A couple of weeks ago, I wrote a piece about my biggest learnings since starting improv. I can’t recall anything I’ve done in recent history that has so radically shifted how I experience the world. So today, I want to talk to you about faces.
A face is a shape. No. A face is a feeling that we express. Still no. A face is a thousand shards of stories, traumas and opinions neatly zipped up in a singular expression. Ah, yes.
Improv is the process of unzipping your everyday skin and peeking at the layers that lie asleep inside. Maybe you find an old soul trapped in a young body. Perhaps you stumble on someone who wears confidence like a coat.

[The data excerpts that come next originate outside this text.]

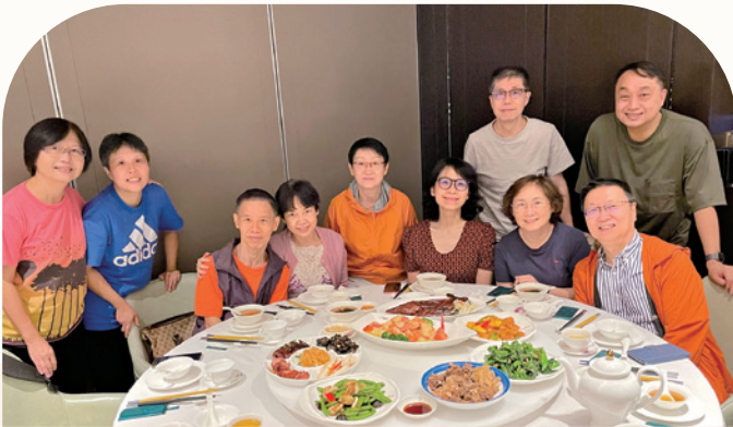
作者夫婦（左三及四）與教會團契合照
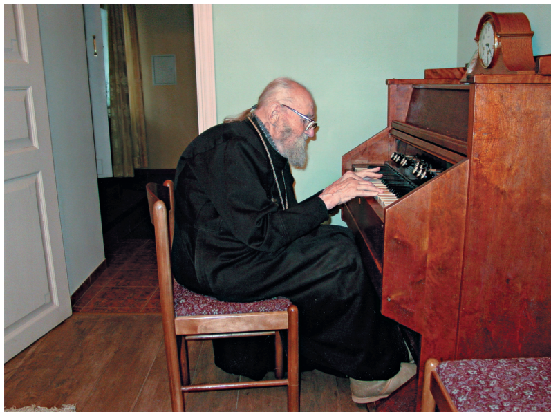
За фисгармонией в своем кабинете. Богородице-Рождественский монастырь. Москва. 2004 г.
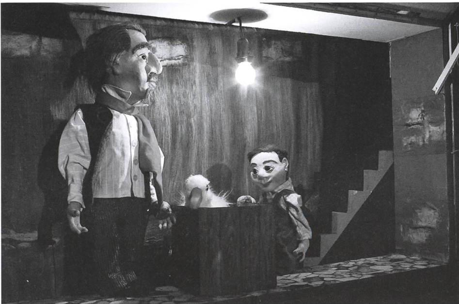
Die Weihnachtsgans Auguste. Figurentheater 2014.

die frühere Tradition der Märcheninszenierungen für Kinder wieder auf, nun eben in der Form des Figurentheaters. Die Gruppe erarbeitet ihre Stücke selbst und baut auch das Bühnenbild und die Figuren selber.
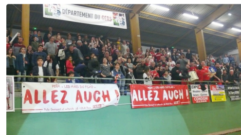
Les supporters auscitains.
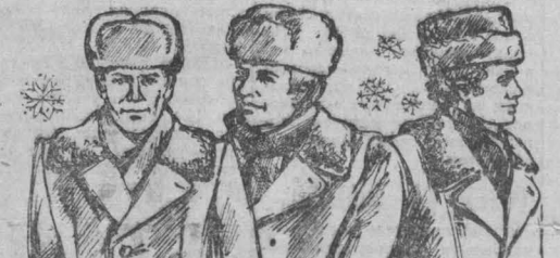
Для вас, мужчины! КЕМЕРОВСКАЯ ОБЛАСТНАЯ ВАЗА РОСТОРГОДЕЖДА ПРЕДЛАГАЕТ

Новая цветная кинокомедия ЗА СПИЧКАМИ (13, 14, 16, 18, 20, 21-50). Малый зал. Тоска по родине (14, 16, 18, 19-50, 21-40) — детям смотреть не рекомендуется. ПЕРВОКЛАССНИЦА (10, 12 — для детей). «ШУБЛЕНЫЙ». ФРАК ДЛЯ ШАПОЛАЯ (10). Новая цветная кинокомедия ЗА СПИЧКАМИ (11-30, 14, 16, 18, 20, 21-50). «ПОНЕВ». Фильм-сказка КАК ПРОВУЖДАЮТСЯ ПРИНЦЕССЫ (10, 11-40, 13-30, 15-20). АЗЫБАКА (17-10, 19-10, 21). «ОКТАВЬЯ». КОТЕЛОК И ВОС КАРТОНКА (15). В ПЛЕЧУ ДВОРЦОВЫХ ИНТРИГ. две серии (12, 17, 20). «МЕТАЛЛУРГ». ОТЯД ТРУВА ЧЕБА СРАЖАЕТСЯ (14). ВЕРБЕ ЗАМУЖЕМ (16, 18, 20). «ПРОГРЕС». ПОЛЕТ С КОСМОНАВТОМ (10, 11-30, 14, 16, 17-50, 19-30, 21-50). «ЛУЧ». ЧУЖАЯ КОМПАНИЯ (13). ПЕРВЫЕ ЗАМУЖЕМ (15). ФИЛАРМОНΙΑ. Большой зал. Неограниченные представления «ВОШЕВНОЕ ОЗЕРО» (феерическая сказка). Начало в 10, 13, 16 и 19 час. Начало вечерних новогодних представлений ПЕРЕНЕСИТСЯ с 20 час. 30 мин. на 19 час. ДОМ КИНО «МОСКВА». Большой зал. Музыкальная кинокомедия НЕУДАЧНИКИ (10).

Or maybe you discover a version of yourself that screams the words you never said, that sheds the skin you yearned to outgrow.

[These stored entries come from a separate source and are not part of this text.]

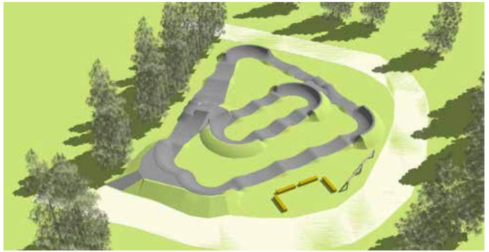
Vizualizace pumptrackového hřiště ve sportovním areálu obce v Lesní ulici.
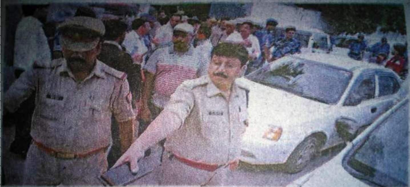
बकिया में जांच करने के बाद लौटती सीबीआइ टीम।

11 घंटे सीबीआइ ले लखनऊ पहुंचे, अतीक अगवा अगवा - 0-4
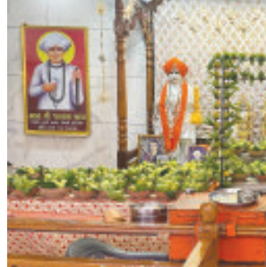
(પ્રતિનિધી દ્વારા) જામ ખંભાળિયા તા.૭ ખંભાળિયાના જોધપુર ગેઈટ વિસ્તારમાં આવેલા સુવિખ્યાત

જલારામ મંદિર ખાતે દર વર્ષની જેમ આ વર્ષે પણ આંબા મનોરથના દર્શનનું ભવ્ય આયોજન કરવામાં આવ્યું હતું.
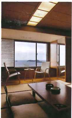
望海和室利用窗口採光，加上室內的天然木設計，十分愜意舒適。

入住溫泉旅館的終極目的還是希望休養生息，回復元氣。能眺望三河灣的Hotel明山莊，客房分為望海和附設露天風呂兩種，前者室內裝潢利用大量天然木材及自然光，令住客入屋一刻頓感豁然開朗。大浴場設露天風呂等共7種溫泉，並有碳酸風呂及天然遠赤外線桑拿。2個溫泉均能有效消除疲勞、改善神經痛、關節痛等毛病，而溫泉接待處提供的7種健康茶，如甜茶、黑豆茶、黃薑茶，均用納米水沖製而成，非常滋補。
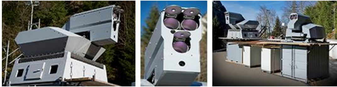
16. kép A német Rheinmetall lézerágyúja [21]

a Rheinmetall a saját fejlesztésű BST (Beam Superimposing Technology – Sugár-szuperpozicionáló Technológia) segítségével fogja egybe egy 20 és egy 30 kW-os nyalábbal [21]. (16. kép)
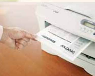
Hoge printsnelheid 20ppm
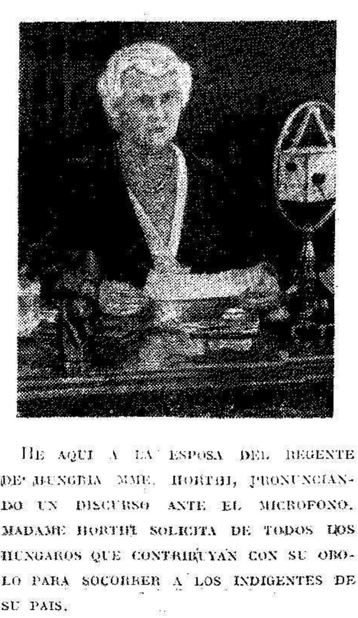
He aquí a la esposa del regente de Hungría MME. HORTHI, pronunciando un discurso ante el micrófono. MADAME HORTHI SOLICITA DE TODOS LOS HUNGAROS QUE CONTRIBUYAN CON SU ORO PARA SOCORRER A LOS INDIGENTES DE SU PAIS.
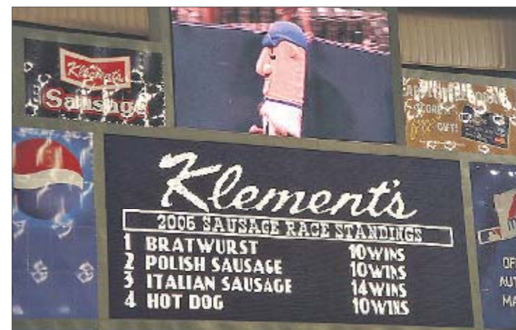
По ранжиру. Турнирная таблица колбасных гонок

ются известные бейсболисты и спортивные журналисты. А в 2003 году во время забега случился курьезный инцидент. Бейсболист команды «Питтсбург Пайретс» Рендалл Саймон выбежал на поле и ударил по голове талисману итальянской колбасы. Одетая в костюм девушка не пострадала, но упала и сбила с ног хот-дог. Польская колбаска помогла пострадавшей подняться и добежать до финиша. А Саймона дисквалифицировали на три игры. Сбитая девушка в качестве моральной компенсации попросила себе битку с автографом бейсболиста-хулигана.
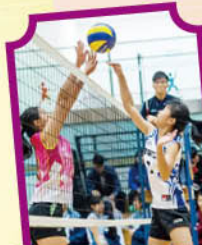
全港學界精英排球比賽
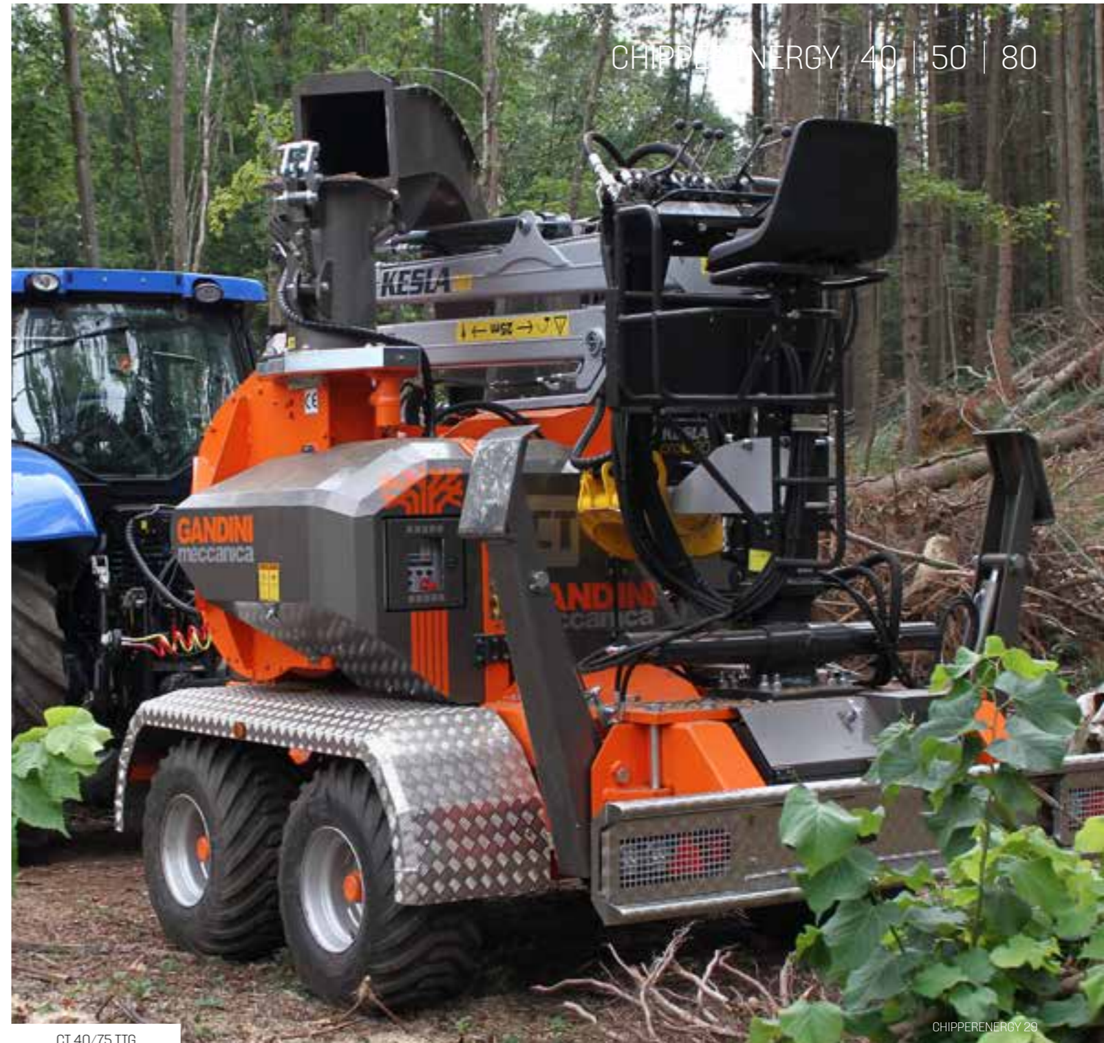
CT 40/75 TTG

Le tôles sujettes à une usure majeure , telles que la zone caisse à ventilateur, la zone tambour, la tôle externe du tuyau d'expulsion de copeaux, sont en acier HARDOX600 anti-usure. Le ventilateur de dégagement est composé de terminaux vissés interchangeables.

The true delight in finding a new face is when that face collides with someone else’s. Perhaps your improv partner asks you to name things you might find at a military base and you triumphantly yell “porridge” as if it’s the most obvious thing in the world. This interaction is utterly unremarkable and exquisitely beautiful at the same time. Something that seems abundantly obvious to you (the military must eat breakfast, after all), is entirely unexpected by the military base that exists in your partner’s conscious mind. When a gap in obviousness seeps into the soul of an interaction, humour and vulnerability are born.
Obviousness is a curious concept. It claims to sit upon a throne of objectivity but when you dig a little deeper, it betrays its true subjective nature. Let’s call this “subjective obviousness”. There is immense creative power that lies within subjective obviousness. A simple shift in accent, tone or gesture can dramatically alter the way your partner reacts to your face. A coy glance interpreted as a murderous glare extends an offer before you’ve even uttered a word. A Japanese business partner who interprets “no” as “yes” opens the door to a brand new opportunity.
Remember: what’s obvious to you isn’t obvious to everyone else. Unzip your skin and paint your friends, colleagues and partners in a silhouette of trust. Do the obvious, be the obvious, state the obvious. You never know what you might discover.